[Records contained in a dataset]
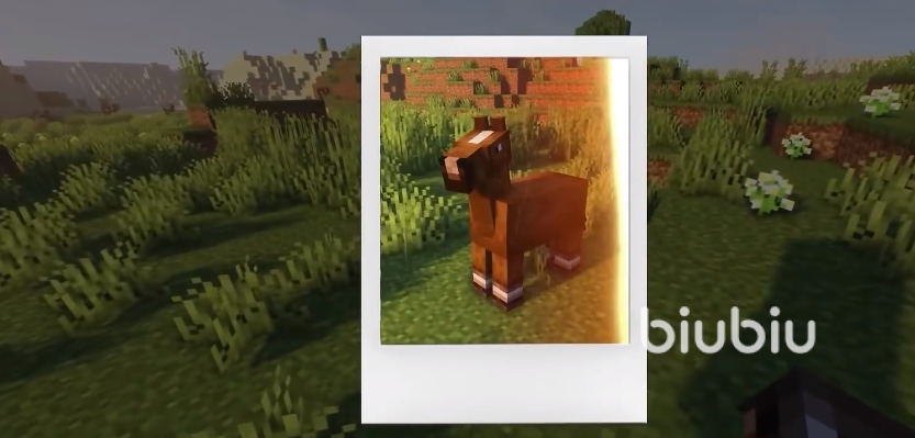宝丽来资源包,玩家可以将雕刻南瓜放在头上,切换到第一视角,可以看到中间有一个相框,按下F2可以截图。可以用来记录游戏中美好或者有趣的事物。
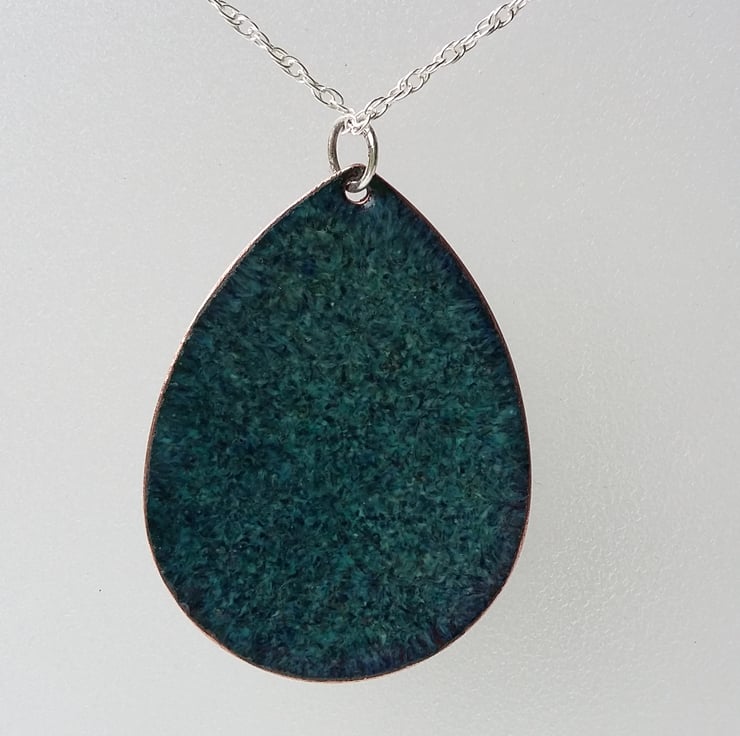Large teardrop shaped enamelled copper pendant in tones of blue. The pendant has been kiln-fired and measures approximately 40mm long and 33mm wide at its widest point. To complete the piece aesthetically and for a smooth finish against the skin, the back has been given two coats of dark blue tweed-effect enamel. It comes complete with an 18” sterling silver rope chain with a soldered sterling silver jump ring and is supplied with a little organza pouch. POSTAGE IS FREE!
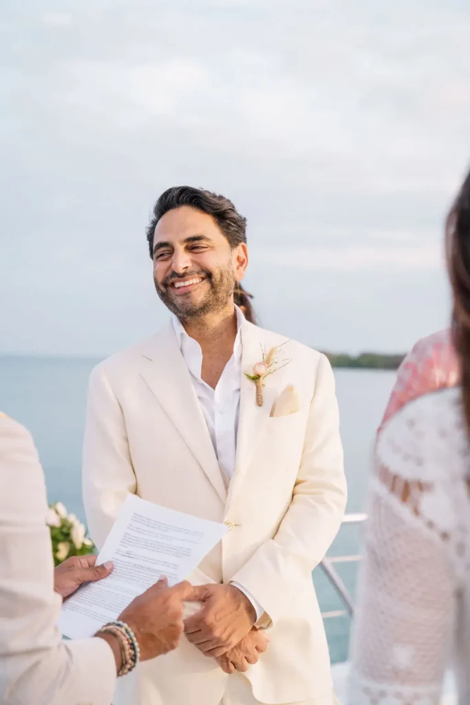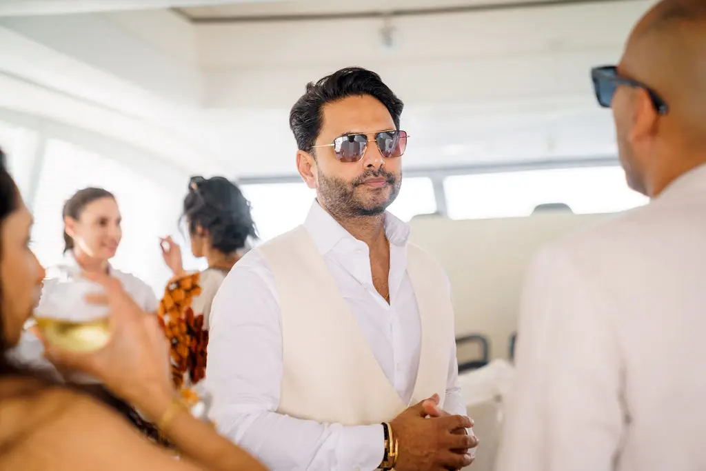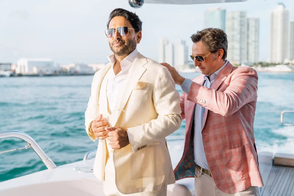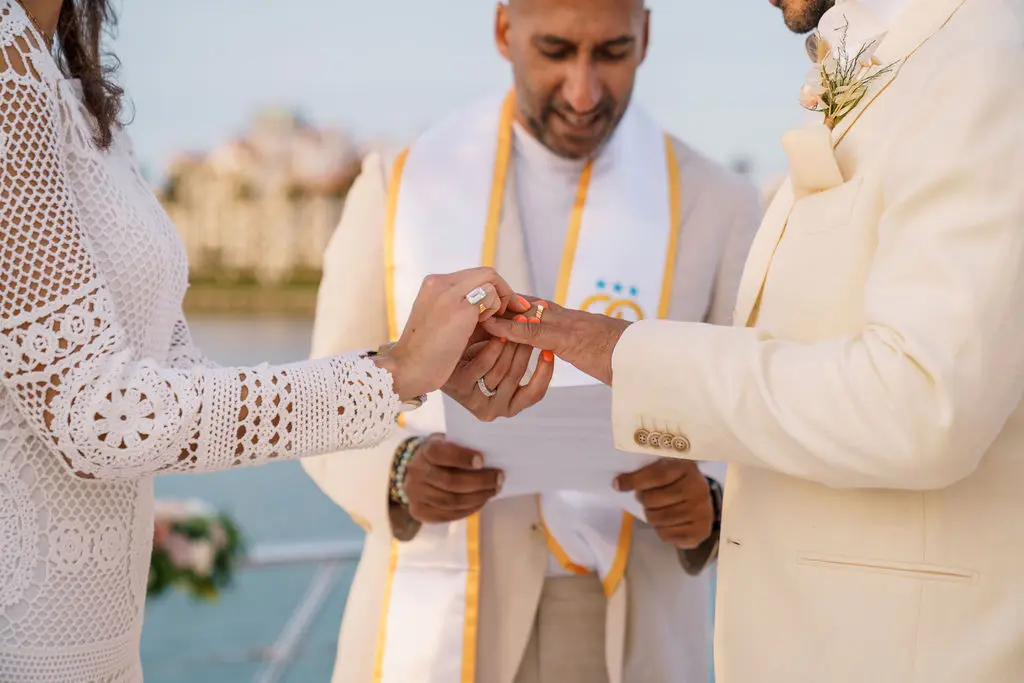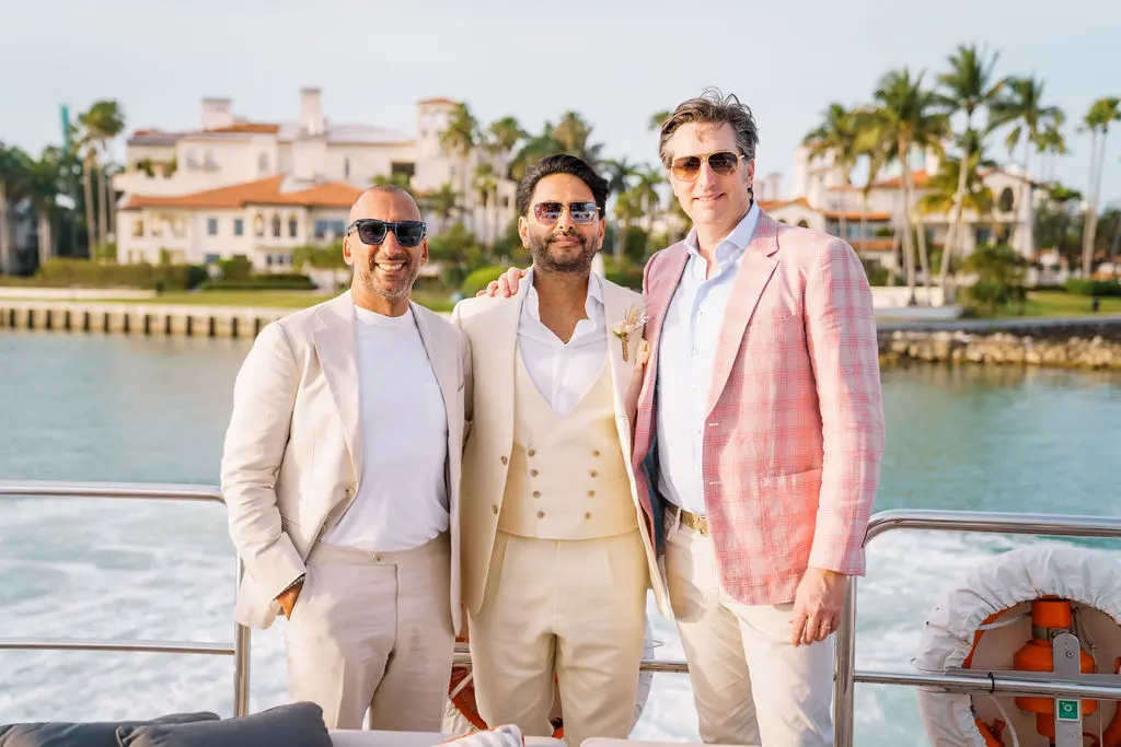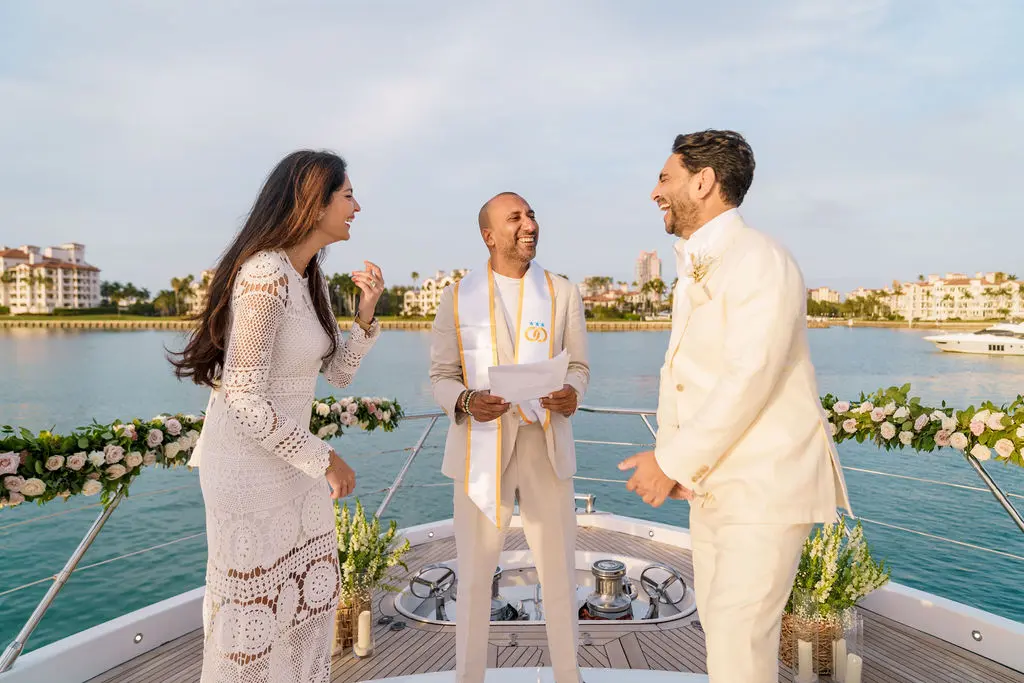 A Miami yacht wedding is one of the most exclusive and visually stunning celebrations you can plan in South Florida — and Shaheen & Rohan's day delivered on every promise that setting makes. The intimate ceremony on deck, surrounded only by their closest loved ones and the endless open water, had a quiet elegance that the sweeping aerial images capture beautifully. The floral-draped railings, the pastel Miami sky, the turquoise bay reflecting the city lights as evening fell — every detail was thoughtfully chosen and perfectly preserved on camera. This is what happens when luxury meets love on the water. If you're planning a yacht wedding or any luxury celebration in Miami and looking for a Miami wedding photographer who creates editorial, high-end galleries worthy of the most exclusive venues, Palms Isles photographs weddings across Miami, South Beach, and all of South Florida.
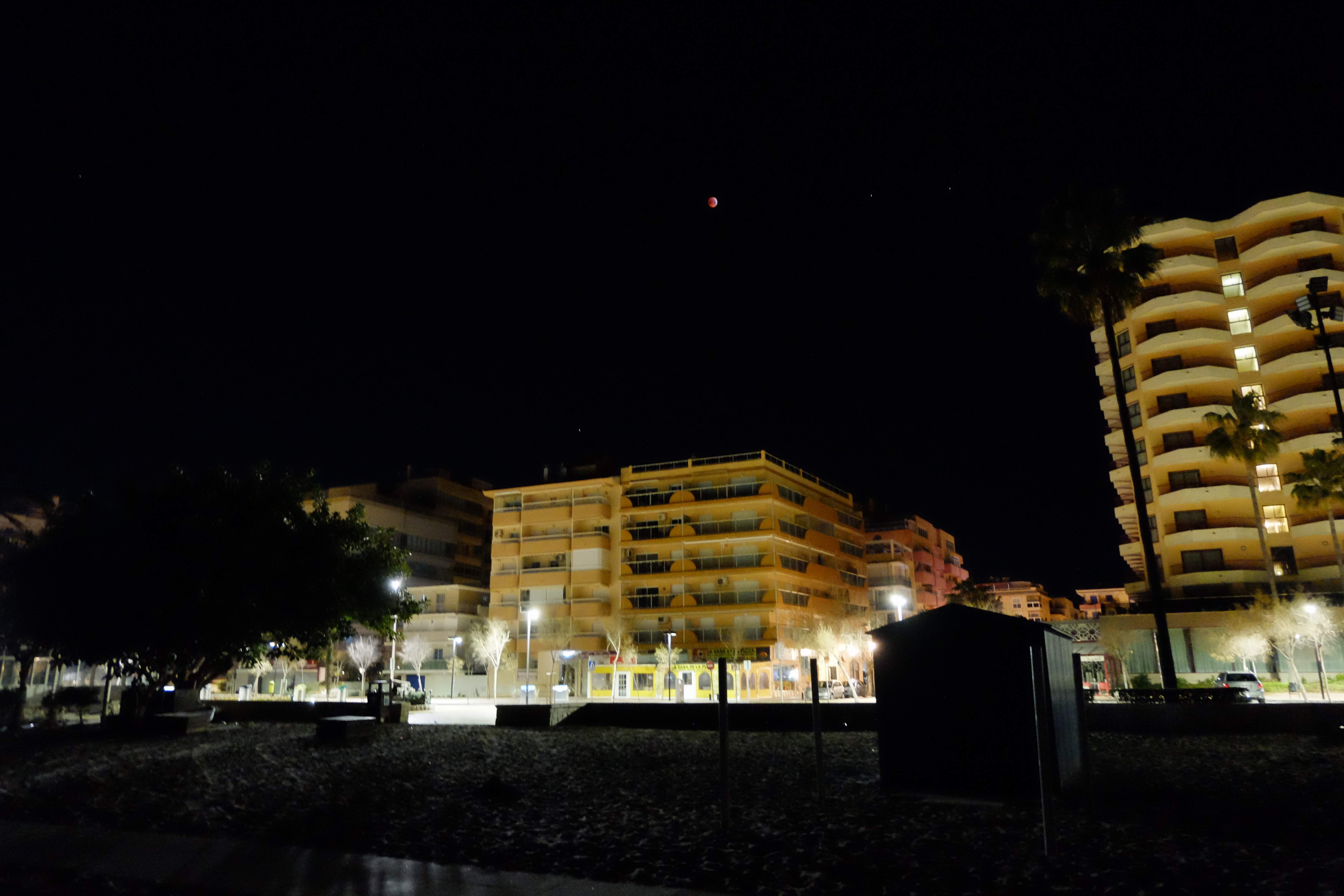 Hier staat de maan hoog tussen 2 appartementen in Fuengirola.
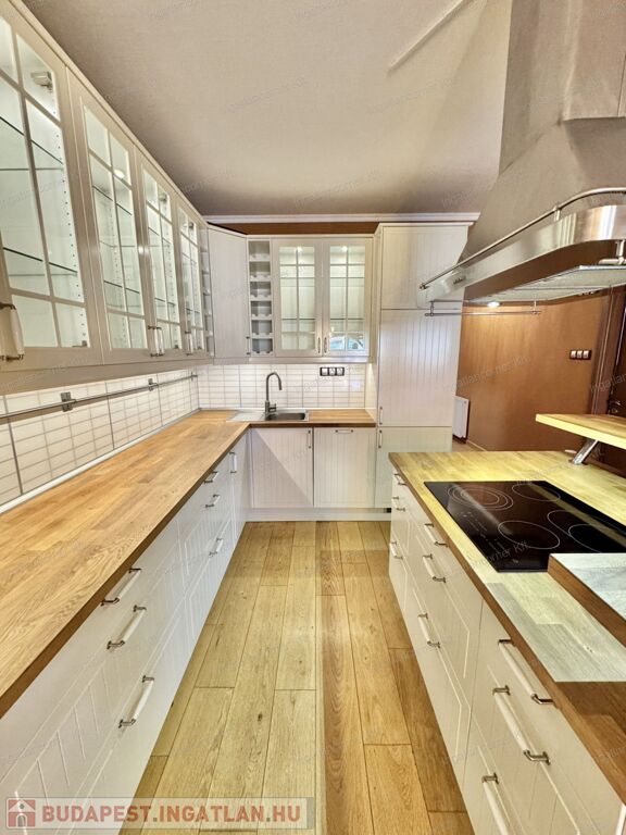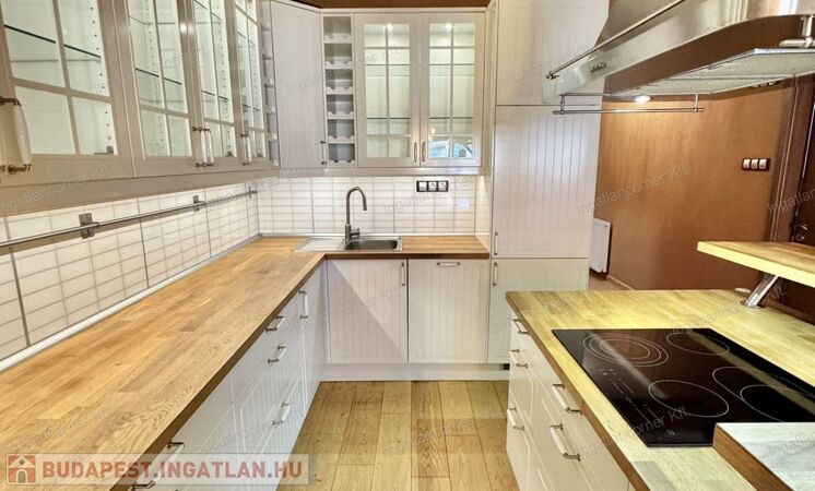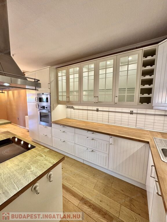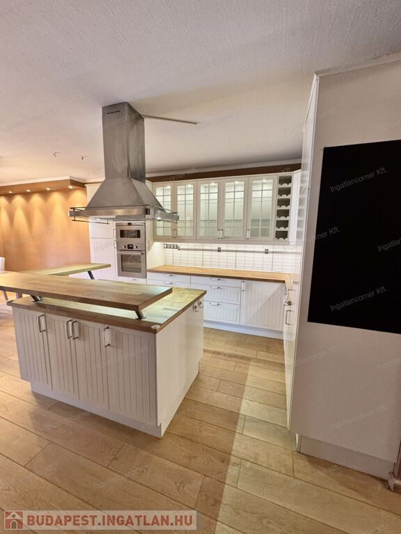 A nappali tölgyfa parkettàval burkolt és a saját kertre néz. A konyha felszereltsége: beépített sütő, -főzőlap, -mikró, -hűtő -mélyhűtő, -páraelszívó és -mosogatógép illetve konyha sziget.
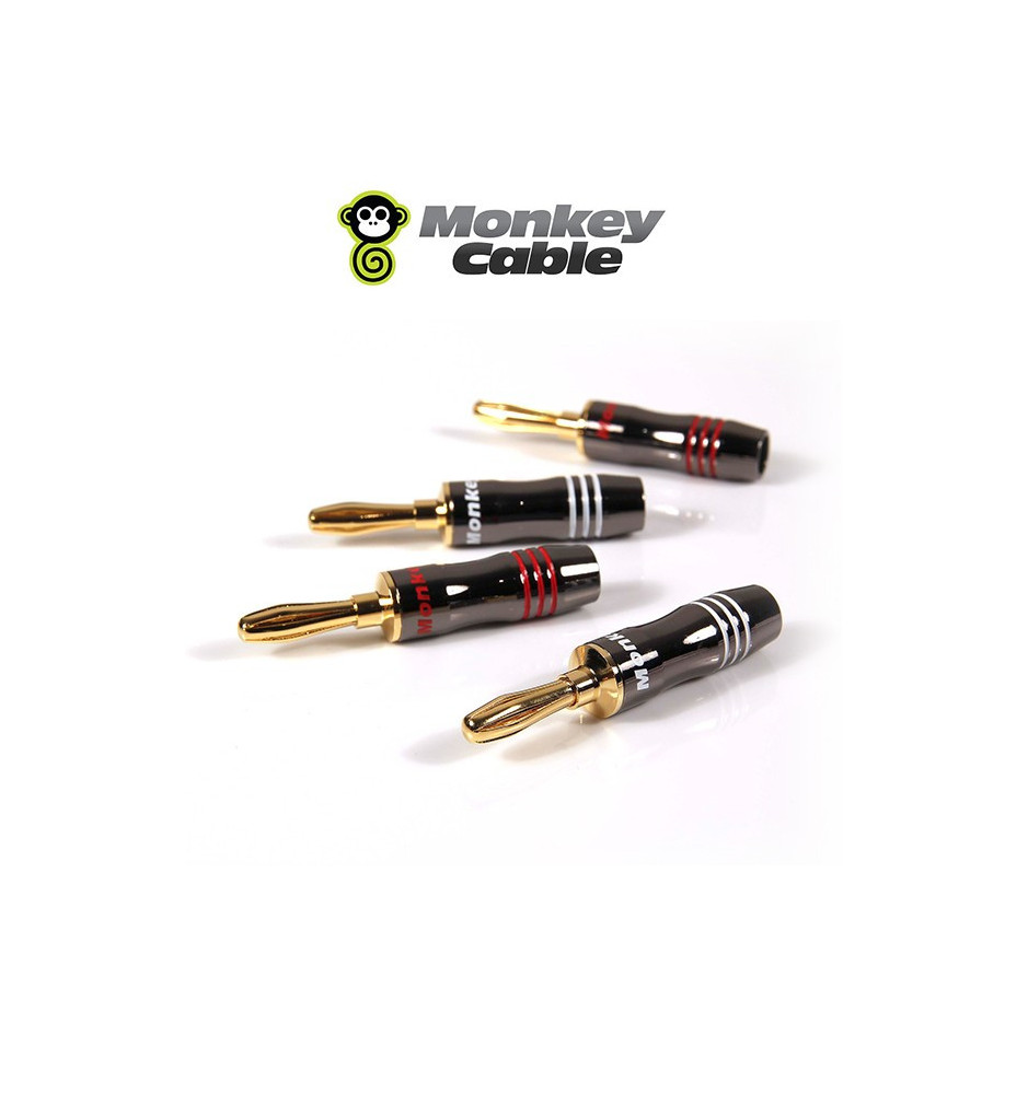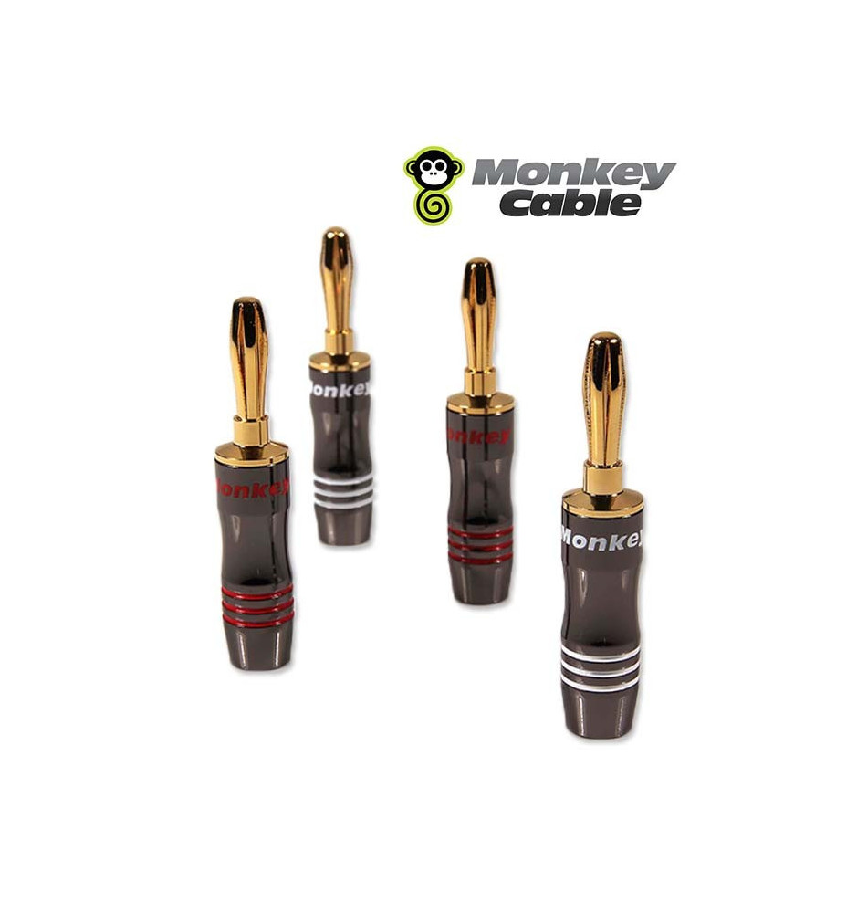 MonkeyCable MBP4 to komplet 4 sztuk wysokiej jakości wtyków bananowych pozłacanych 24-karatowym złotem.

## Prompt
What to print is the stretch of entries from the line with "A Miami yacht" up to and including the line with "Hier staat de". Please print it exactly and leave out the pictures.

## Task response
 A Miami yacht wedding is one of the most exclusive and visually stunning celebrations you can plan in South Florida — and Shaheen & Rohan's day delivered on every promise that setting makes. The intimate ceremony on deck, surrounded only by their closest loved ones and the endless open water, had a quiet elegance that the sweeping aerial images capture beautifully. The floral-draped railings, the pastel Miami sky, the turquoise bay reflecting the city lights as evening fell — every detail was thoughtfully chosen and perfectly preserved on camera. This is what happens when luxury meets love on the water. If you're planning a yacht wedding or any luxury celebration in Miami and looking for a Miami wedding photographer who creates editorial, high-end galleries worthy of the most exclusive venues, Palms Isles photographs weddings across Miami, South Beach, and all of South Florida.
 Hier staat de maan hoog tussen 2 appartementen in Fuengirola.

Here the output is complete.